By adopting the technical scheme, the focusing lens is arranged in the knob type focusing lens, so that the distance between the focusing lens and the galvanometer mechanism can be adjusted, and the focus can be adjusted. In the actual use process, the knob type focusing lens is adjusted to focus after the handheld laser marking machine is used for a period of time, so that the laser light-emitting density is high, the light-emitting is concentrated, and the handheld laser marking machine is enabled to maintain high marking quality. When focusing is needed, the rotating section is twisted, the lug is driven to move along the length direction of the guide rod by the spiral groove in the rotating process of the rotating section, the inner sleeve moves along with the lug, the focusing lens is driven to move, the distance is adjusted, and the focusing lens adjusting device is simple in structure and convenient to adjust.

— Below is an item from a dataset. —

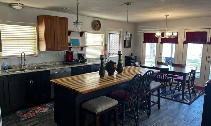 Discover the beauty of Granbury from this 3-bedroom house. This terrific property features 2 queen beds, 1 bunk bed, and 1 murphy bed, perfect for a wonderful stay. With amenities like a washing machine, WiFi, and heating, guests will feel right at home. The 3 bathrooms come equipped with a hair dryer and shower for added convenience. Enjoy all that Granbury has to offer when you stay at our place. Large fire pit overlooking your boat dock and lake view. Great for relaxing while the kids fish.

Optionally, the casing includes shell body and inner shell body, the inner shell body sets firmly in the shell body, light path system set up in the inner shell body, be provided with the louvre on the shell body, be provided with the baffle in the inner shell body, the baffle separates into first holding chamber and second holding chamber with inner shell cavity, vibrating mirror mechanism sets up in the second holding chamber, the radiating block sets up in first holding chamber, knob formula focusing lens light-emitting end stretches out from the fixed chamber, and runs through in the baffle stretches into the second holding chamber, the laser light-emitting opening of host computer sets up in on the second holding chamber lateral wall, corresponding radiator on the first holding chamber lateral wall is provided with radiator fan, first holding chamber is close to host computer laser light-emitting opening one side and has seted up the air inlet.

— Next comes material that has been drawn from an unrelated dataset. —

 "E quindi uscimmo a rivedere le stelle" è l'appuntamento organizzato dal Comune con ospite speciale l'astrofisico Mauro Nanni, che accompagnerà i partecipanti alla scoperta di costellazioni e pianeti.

Through adopting above-mentioned technical scheme, separate light path system through the inner shell, help reducing the energy loss in the laser transmission process, in addition, the baffle be provided with help will regard as the light source of main heat source to separate with the mirror mechanism that shakes, reduce the influence that the heat shakes mirror mechanism work. And radiator fan and air inlet's setting not only can cool down to first holding chamber fast, to some circumstances that have smog to produce when beating the mark moreover, can take away the smog that the mark produced to guarantee the mark intensity of beating of laser, thereby present better marking quality.

Optionally, a blocking lens is disposed on the host laser light outlet.

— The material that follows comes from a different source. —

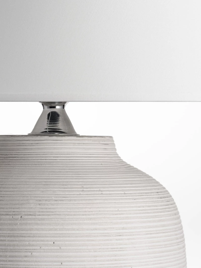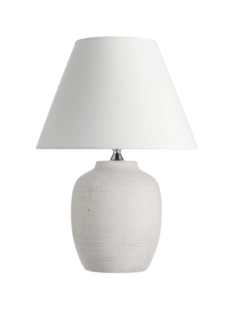 The Lisbon white Table Lamp is elegant and simple with a striking ridged design from top to bottom topped with a 40cm Empire made in the UK.

Through adopting above-mentioned technical scheme, adopt the separation lens to shelter from the laser light outlet of host computer, under the circumstances that guarantee that laser can jet out smoothly for second holding chamber seals, makes the mirror mechanism that shakes in the closed environment, reduces the influence of external environment change to mirror mechanism use precision that shakes.

Optionally, a heat dissipation groove is formed in the surface of the heat dissipation block.

Through adopting above-mentioned technical scheme, when increasing the radiating area of radiating block, and then promote radiating efficiency, when reducing the radiating block weight, the handheld laser marking machine of being convenient for uses.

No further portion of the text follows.